Women are being marginalised by news websites which prefer to use pictures of them while quoting men as sources or experts, a study of more than two million online articles has found.

Men’s views and voices tend to dominate the text of most news articles published online, while women appear proportionally more in images, according to the research conducted by the Universities of Bristol and Cardiff.

Women were also found to feature more in articles about fashion, entertainment and art but were much less present in those involving sport and politics, which researchers said provided “empirical evidence” that they were being marginalised by the media.

The study, which is the largest undertaken to date in this area, used facial and name recognition technology to analyse more than 2.3 million news articles, collected over a period of six months from more than 950 different news outlets.

“When women do show up in the news, it is often as ‘eye candy’, thus reinforcing women’s value as sources of visual pleasure rather than residing in the content of their views,” said the paper, which is entitled Women Are Seen More than Heard in Online Newspapers.
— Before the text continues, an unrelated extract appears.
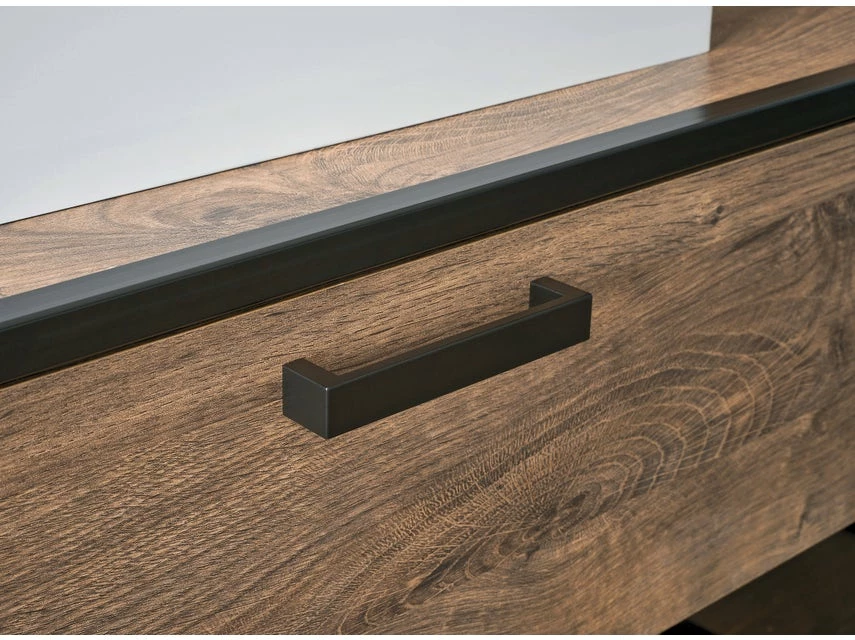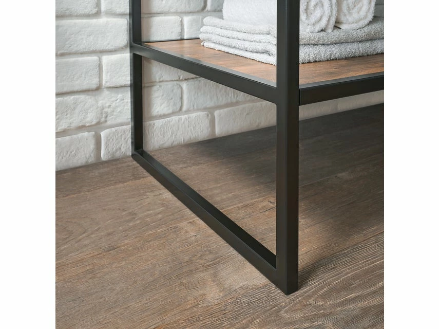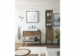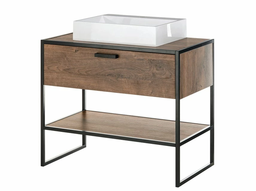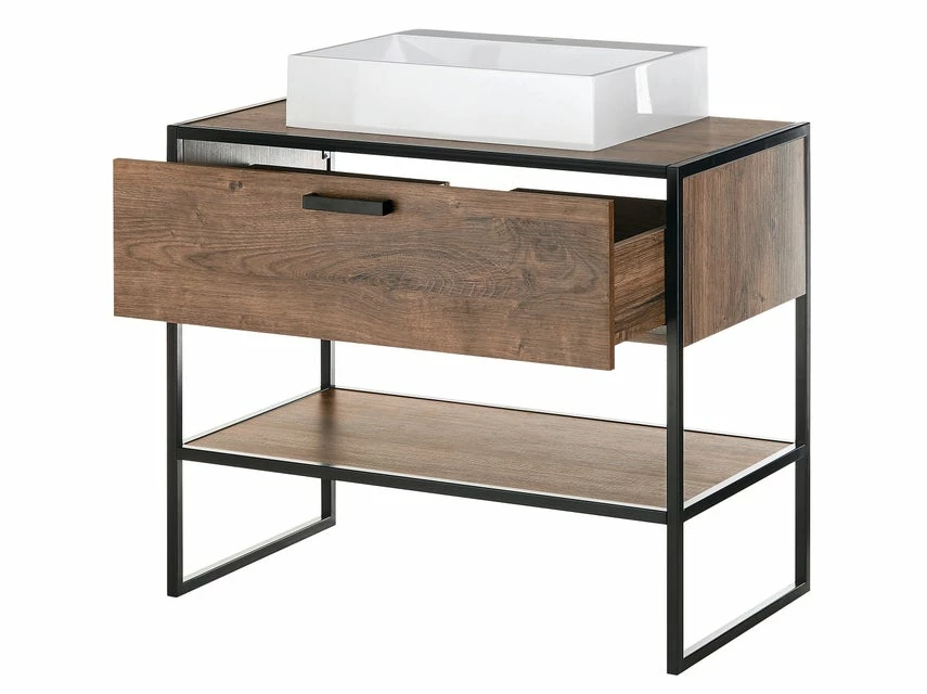 Das Waschtisch-Set Vito Spell präsentiert sich modern in dunkler Haveleiche auf einem filigran wirkenden, schwarzen Metallgestell in Kufenform. In der geräumigen Schublade finden Sie Platz für Ihre Pflegeprodukte und das offene Fach dient als Ablage für Badtextilien oder hübsche Dekoelemente. Das Mineralguss-Waschbecken in strahlendem Weiß rundet das Set perfekt ab.

The findings are published on Thursday in the journal PLOS ONE.

The researchers said their findings confirmed the results of smaller-scale studies which had come to similar conclusions. One previous analysis of hundreds of televised news stories found that female reporters were more likely to present human interest and health related stories, while males were more often used as experts.

Dr Cynthia Carter, a social scientist and senior lecturer at the Cardiff School of Journalism, Media and Cultural Studies, is one of the authors of the new study. She said: “Our large-scale, data-driven analysis offers important empirical evidence of macroscopic patterns in news content, supporting feminist researchers’ longstanding claim that the marginalisation of women’s voices in the news media undervalues their potential contributions to society, and in the processes, diminishes democracy.”